Didier Fond présente son nouveau roman "La maison-Dieu"
Le titre m’intrigue : La Maison-Dieu, c’est quoi ? Un couvent ?
Ca l’a été, bien avant le début de l’histoire. Mais ce n’est à présent qu’une grande maison bourgeoise construite sur les ruines de l’ancien couvent et située en haut d’une falaise. Apparemment, elle n’a rien d’inquiétant si ce n’est effectivement son nom.
Je sais que c’est le nom de la seizième lame du jeu de tarots. Mais pourquoi avoir choisi ce nom ?
Parce que sa symbolique correspond parfaitement à ce qui se passe dans le roman : destruction d’une famille, destruction d’une personnalité et d’un psychisme… Tout cela n’est pas bien gai, c’est sûr. Si on regarde attentivement la carte, on s’aperçoit que la signification est claire : le dessin représente une tour foudroyée par un éclair venu du ciel. Deux personnages apparaissent, l’un en train de chuter du haut de la tour décapitée par l’éclair et l’autre gisant au pied de l’édifice. Une pluie de ce qui pourrait être des grêlons, ou des charbons ardents accompagne le cataclysme.
J’y vois une référence à l’Apocalypse décrite par Saint-Jean, l’anéantissement par Dieu du monde terrestre. Il n’est pas difficile après de passer de ce macrocosme au microcosme qu’est l’univers de Camille, l’héroïne, univers qui se délite petit à petit autour d’elle jusqu’à la catastrophe finale.

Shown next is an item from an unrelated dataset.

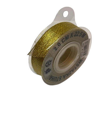 Medžiaginė juostelė 20mm x 22,5m auksinės spalvos

D’où t’est venue l’idée de ce troisième roman ?
En ce qui concerne l’idée même, franchement, je n’en sais rien. Je crois que c’est une conjonction de plusieurs influences de romans lus dans ma jeunesse dont l’un était La Terrasse des Bernardini de Suzanne Prou. En fait, le tout premier jet remonte à 1976 : il y avait déjà la falaise, la maison isolée et un mystère qui planait sur ses trois occupantes. Mais l’histoire était d’une incroyable complexité, avec des éléments invraisemblables, bref, cela ne valait pas grand-chose. J’ai mis mon petit cahier dans un tiroir puis quand j’ai déménagé, je l’ai jeté. Mais je n’avais pas oublié ce décor un peu étrange et mes personnages. Bien des années plus tard, j’ai imaginé la trame de La Maison-Dieu en reprenant ce décor et en transformant complètement les personnages.
As-tu rencontré des difficultés pour écrire le roman ?

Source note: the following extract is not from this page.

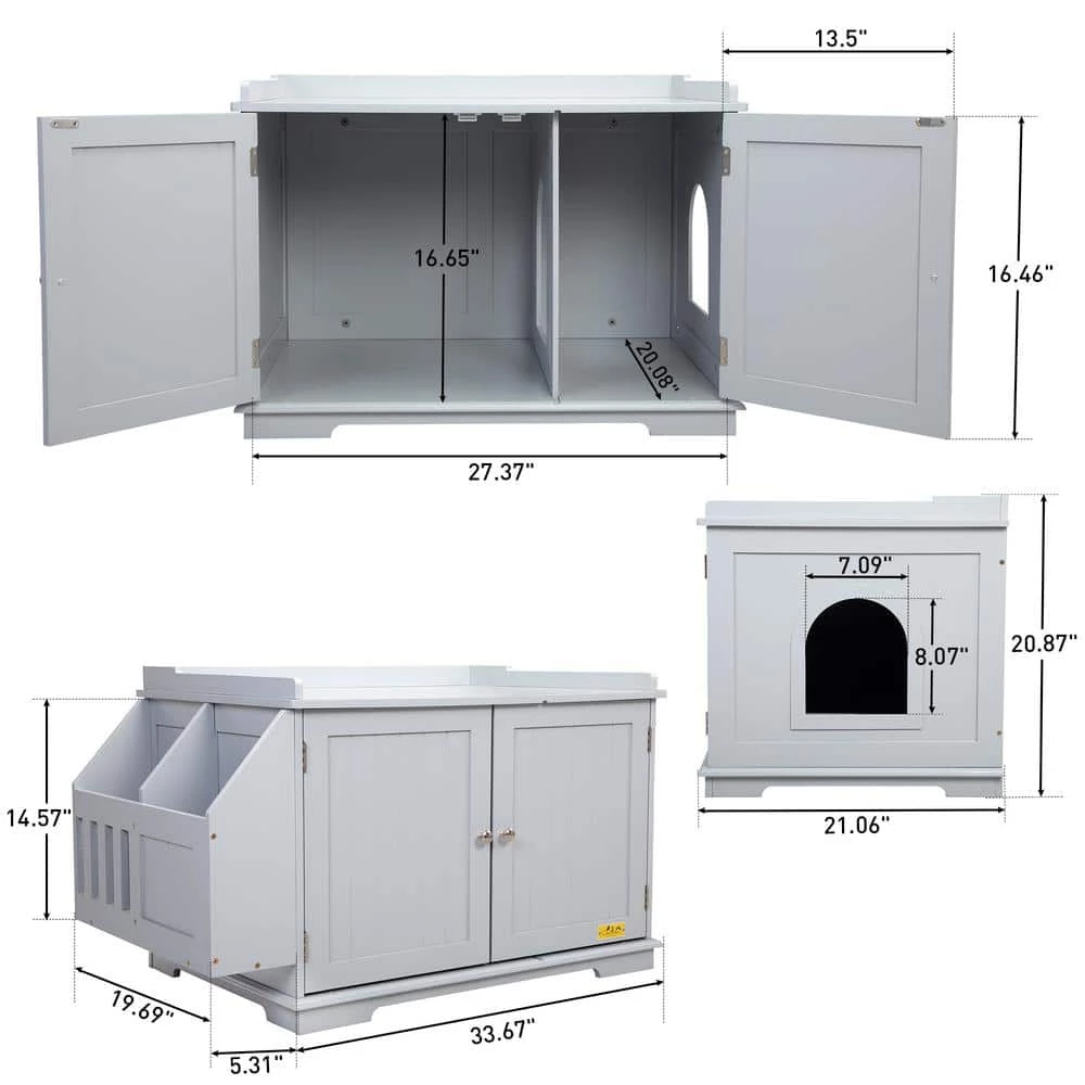 - Thoughtful design doors with knobs construct the front, open them and you can view the inside, convenient to tidy up your cat’s supplies 2 arched doors lead to the side exit while preventing cat litter from being kicked out of the box

La difficulté a été de choisir un mode de narration. J’ai opté finalement, sur les conseils d’une amie, pour une alternance de points de vue. On pourrait dire que c’est un roman polyphonique dans la mesure où trois voix se font entendre : celle de Camille, l’héroïne, celle de sa grand-tante Henriette et celle du narrateur omniscient. Les deux premières demandaient une caractérisation de leur voix ce que j’ai grosso modo fait, en essayant de leur trouver un style à elles ; ce n’est toutefois rien comparé au roman qui va suivre La Maison-Dieu et qui, lui, est vraiment polyphonique. Mais on verra ça quand il aura été référencé à son tour…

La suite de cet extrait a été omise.